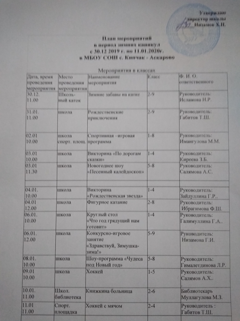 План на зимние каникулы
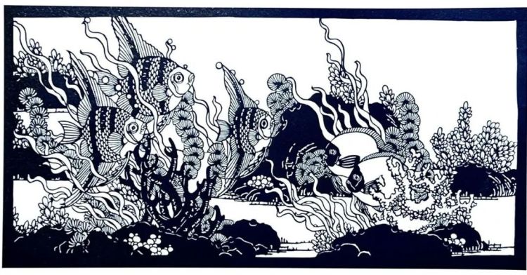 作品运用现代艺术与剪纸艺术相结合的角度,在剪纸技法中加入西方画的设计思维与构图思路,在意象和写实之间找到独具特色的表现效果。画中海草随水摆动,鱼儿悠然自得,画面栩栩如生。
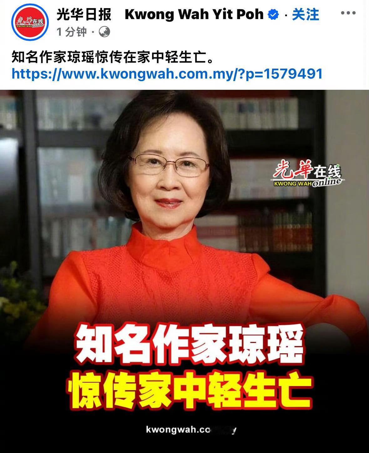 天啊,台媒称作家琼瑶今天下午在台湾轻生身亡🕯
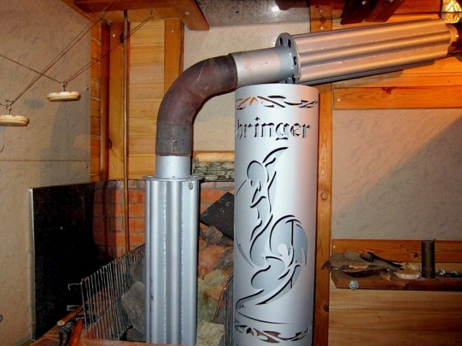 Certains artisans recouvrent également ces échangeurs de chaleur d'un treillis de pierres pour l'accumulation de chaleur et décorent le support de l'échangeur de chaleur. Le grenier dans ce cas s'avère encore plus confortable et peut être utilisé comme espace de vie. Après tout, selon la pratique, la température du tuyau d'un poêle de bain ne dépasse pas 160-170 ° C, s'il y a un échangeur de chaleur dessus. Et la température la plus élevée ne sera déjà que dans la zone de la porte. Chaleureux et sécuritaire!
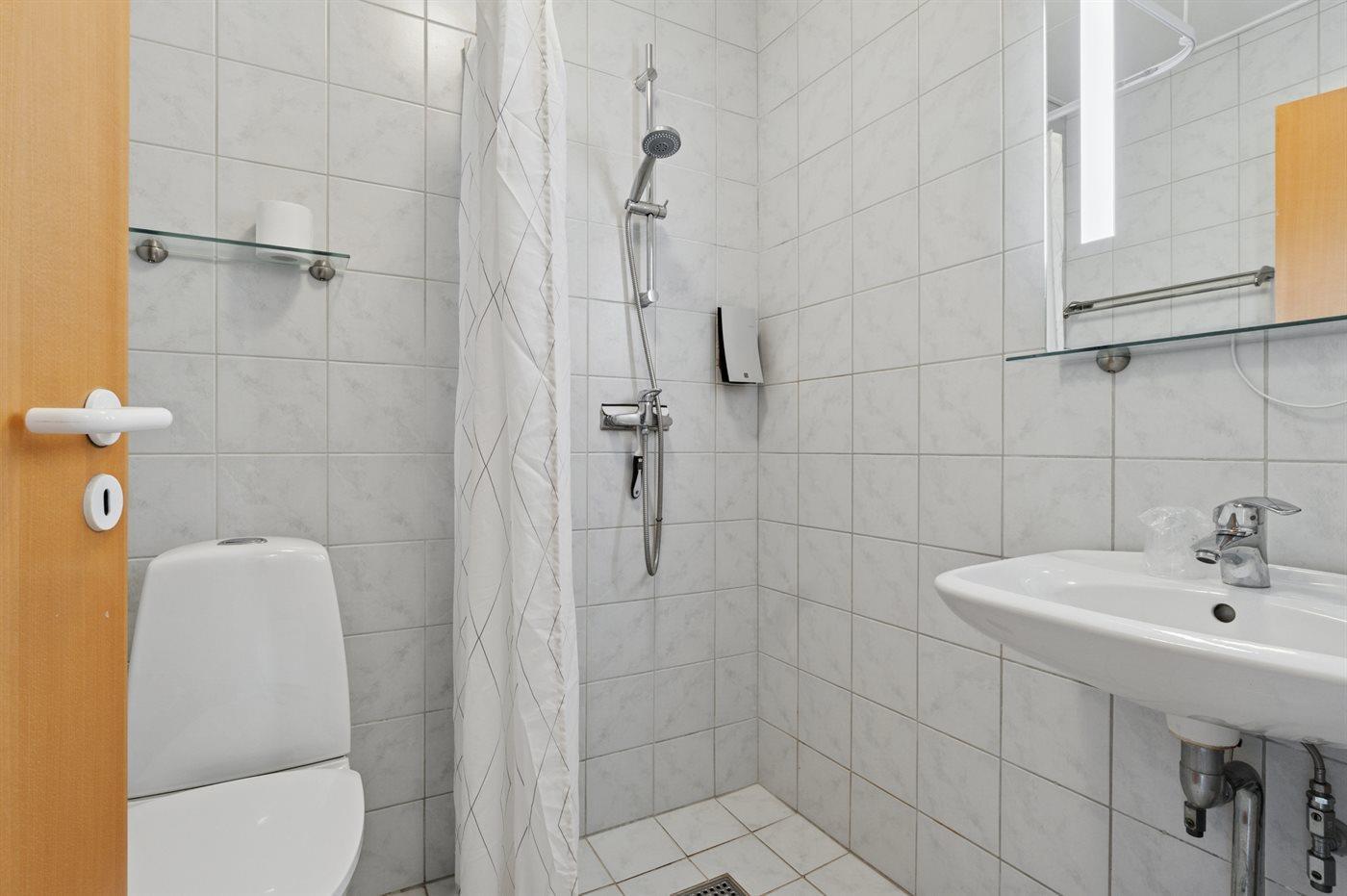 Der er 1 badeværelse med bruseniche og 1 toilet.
= = =
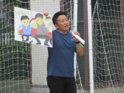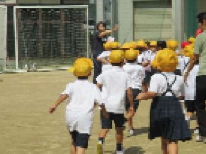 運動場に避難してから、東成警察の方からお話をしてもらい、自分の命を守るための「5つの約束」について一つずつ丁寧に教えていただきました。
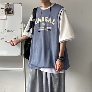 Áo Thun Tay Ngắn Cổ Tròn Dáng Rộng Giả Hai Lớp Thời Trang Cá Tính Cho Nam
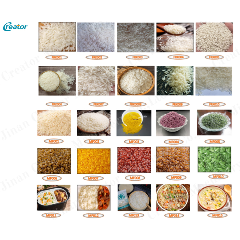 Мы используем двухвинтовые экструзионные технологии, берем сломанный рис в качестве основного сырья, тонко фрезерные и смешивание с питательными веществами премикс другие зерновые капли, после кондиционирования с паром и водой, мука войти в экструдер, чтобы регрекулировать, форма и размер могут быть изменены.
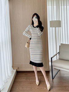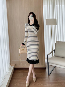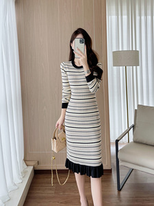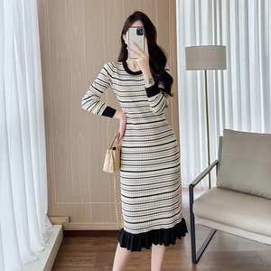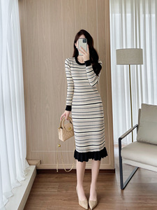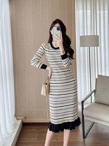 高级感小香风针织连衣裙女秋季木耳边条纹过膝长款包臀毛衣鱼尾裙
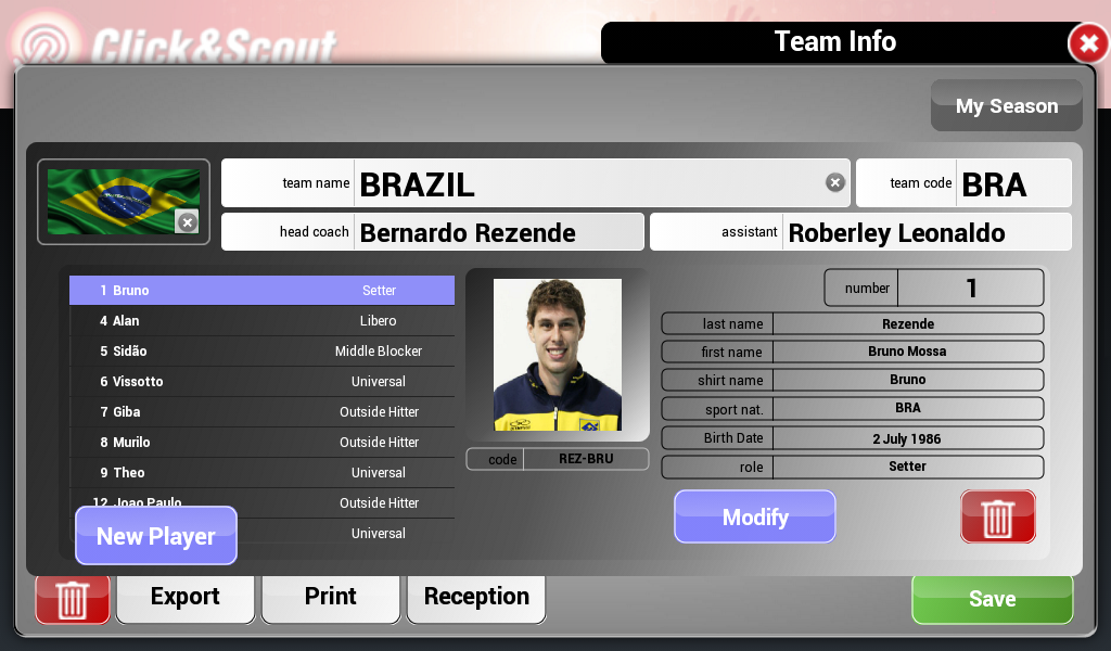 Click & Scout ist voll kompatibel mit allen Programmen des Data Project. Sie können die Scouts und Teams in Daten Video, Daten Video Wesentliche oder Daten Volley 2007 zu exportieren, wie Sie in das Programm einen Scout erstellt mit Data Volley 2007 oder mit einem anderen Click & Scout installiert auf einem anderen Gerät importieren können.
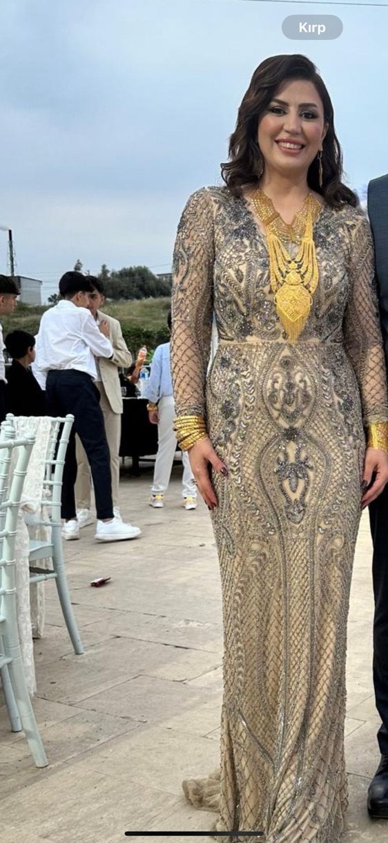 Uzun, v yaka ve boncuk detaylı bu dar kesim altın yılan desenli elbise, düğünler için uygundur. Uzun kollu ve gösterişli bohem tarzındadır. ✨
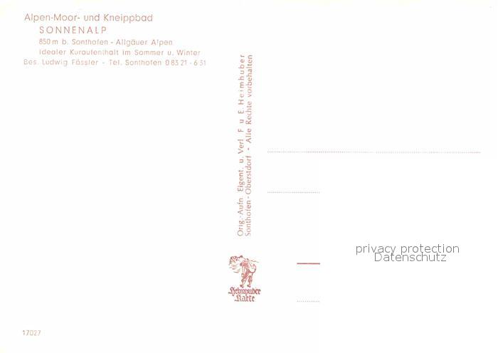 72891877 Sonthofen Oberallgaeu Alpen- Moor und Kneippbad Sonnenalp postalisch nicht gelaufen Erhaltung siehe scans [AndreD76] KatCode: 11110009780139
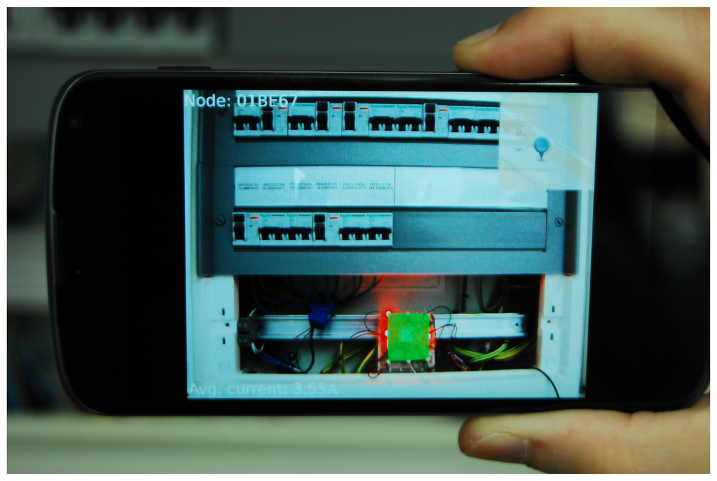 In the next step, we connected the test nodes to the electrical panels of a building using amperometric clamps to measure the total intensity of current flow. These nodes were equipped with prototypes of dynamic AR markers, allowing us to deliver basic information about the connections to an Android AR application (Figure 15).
= = =
Exercise objective
Once the line with "План на зимние каникулы" has been found above, output that line and every later line exactly, stopping after the line with "Der er 1 badeværelse", and omit the pictures.

Output below
 План на зимние каникулы
 作品运用现代艺术与剪纸艺术相结合的角度,在剪纸技法中加入西方画的设计思维与构图思路,在意象和写实之间找到独具特色的表现效果。画中海草随水摆动,鱼儿悠然自得,画面栩栩如生。
 天啊,台媒称作家琼瑶今天下午在台湾轻生身亡🕯
 Certains artisans recouvrent également ces échangeurs de chaleur d'un treillis de pierres pour l'accumulation de chaleur et décorent le support de l'échangeur de chaleur. Le grenier dans ce cas s'avère encore plus confortable et peut être utilisé comme espace de vie. Après tout, selon la pratique, la température du tuyau d'un poêle de bain ne dépasse pas 160-170 ° C, s'il y a un échangeur de chaleur dessus. Et la température la plus élevée ne sera déjà que dans la zone de la porte. Chaleureux et sécuritaire!
 Der er 1 badeværelse med bruseniche og 1 toilet.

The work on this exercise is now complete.